Review:The Farm by Emily McKay

Title:The Farm
Author:Emily McKay
Series:The Farm #1
Release Date: December 4, 2012
Publisher: Berkley
Genre: YA
Rating: 4 Hoots
Buy From: Amazon / B&N

Sum It Up!
dark, edgy, and filled with twists to keep readers hooked

Life was different in the Before: before vampires began devouring humans in a swarm across America; before the surviving young people were rounded up and quarantined. These days, we know what those quarantines are—holding pens where human blood is turned into more food for the undead monsters, known as Ticks. Surrounded by electrical fences, most kids try to survive the Farms by turning on each other…

And when trust is a thing of the past, escape is nearly impossible.

Lily and her twin sister Mel have a plan. Though Mel can barely communicate, her autism helps her notice things no one else notices—like the portion of electrical fence that gets turned off every night. Getting across won’t be easy, but as Lily gathers what they need to escape, a familiar face appears out of nowhere, offering to help…

Carter was a schoolmate of Lily’s in the Before. Managing to evade capture until now, he has valuable knowledge of the outside world. But like everyone on the Farm, Carter has his own agenda, and he knows that behind the Ticks is an even more dangerous threat to the human race... (Goodreads)
The Farm is an excellent book— dark, edgy, and filled with twists to keep readers hooked. I’m a HUGE fan of Julie Kagawa, and even though I can’t believe I’m going to say this, but The Farm rivals her new series, The Immortals Rules. Shocking, I know! But that is how great this book is.
Lily’s character is very realistic. Since the ticks have forced its youth into blood bank farms across the nation, Lily’s main goal is to escape with her autistic sister, Mel. But someone from her past crashes her plans. Carter, in all his beautiful glory is back, but trust isn’t something Lily can afford—not since the Before.
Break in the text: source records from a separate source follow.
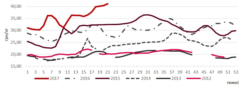 Динаміка закупівельних цін на живець свиней І-ї категорії (2012-2017 рр.)
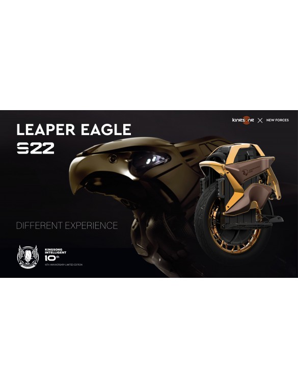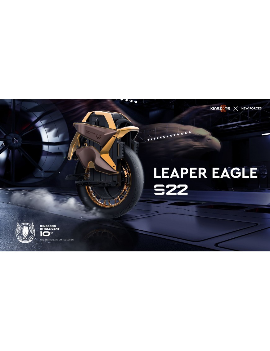 Pour les 10 ans de la marque, Kingsong nous sort la KS-S22 Leaper Eagle, une édition limité avec une nouvelle couleur et un nouveau design de cale-pied. Côté caractéristiques techniques, la version Limitée intègre de nouvelles glissières pour une meilleure sensation de suspension ainsi qu'un moteur plus puissant de 4000 Watts.
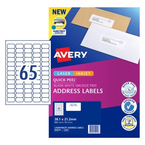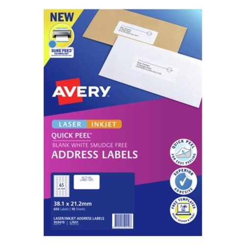 SureFeed™ technology is engineered to help provide a more reliable feed through your printer. Compatible with Laser and Inkjet printers. Address Labels have Quick Peel™ Pop-up Edge™ making peeling the label faster and easier, simply bend back the sheet and the edge pops up, just peel and apply 12-65 up. Jam-Free reliability for trouble free printing, saving time and minimising wastage. Labels use Opaque TrueBlock® technology which completely covers everything underneath. Customise your labels with Avery Design and Print, available at averyproducts.com.au/print. FSC® certified labels made with paper from well-managed forests. Made in Australia. Size: 38.1x21.2mm 650 labels, 10 Sheets. 65 labels per sheet (65UP).
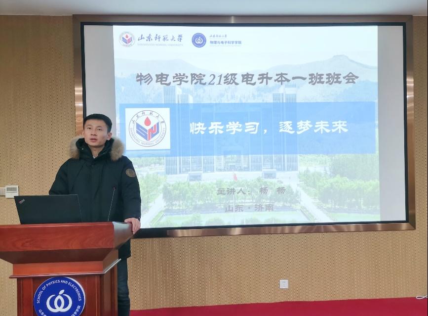 为构筑新时代背景下“大思政”高校思想政治教育格局,进一步加强和改进辅导员队伍建设,扎实推进学院学生工作开展。11月8日下午,物理与电子科学学院于文渊楼D区301会议室举办21级电升本一班“快乐学习,逐梦未来”主题班会。本次班会由新聘班主任杨杨老师主持,21电升本一班的38名同学参会。

Carter’s goal is to persuade Lily to leave with him and his boss—easier said than done.
Lily soon learns why Carter wants her and her sister to leave with him, but she doesn’t accept his explanation. Ticks aren’t real vampires, but a scientific experiment gone wrong—dead wrong. But now Carter is telling Lily that vampires are real, and his boss is one of them. And he was right. Now Lily is forced to trust Carter and flee with Mel before it’s too late and they all die.
There are three POV (points of views), Lily, Mel, and Carter—though Lily’s POV is more prevalent throughout the story. I love reading books with different POV’s! Thanks, McKay. I’m dying to read the next book, given the dreadful cliffhanger at the end—thanks (not so much)! I love a good suspense, but I have to say, I’m really irritated that I have to wait for the next book to come out. Hurry up McKay and write!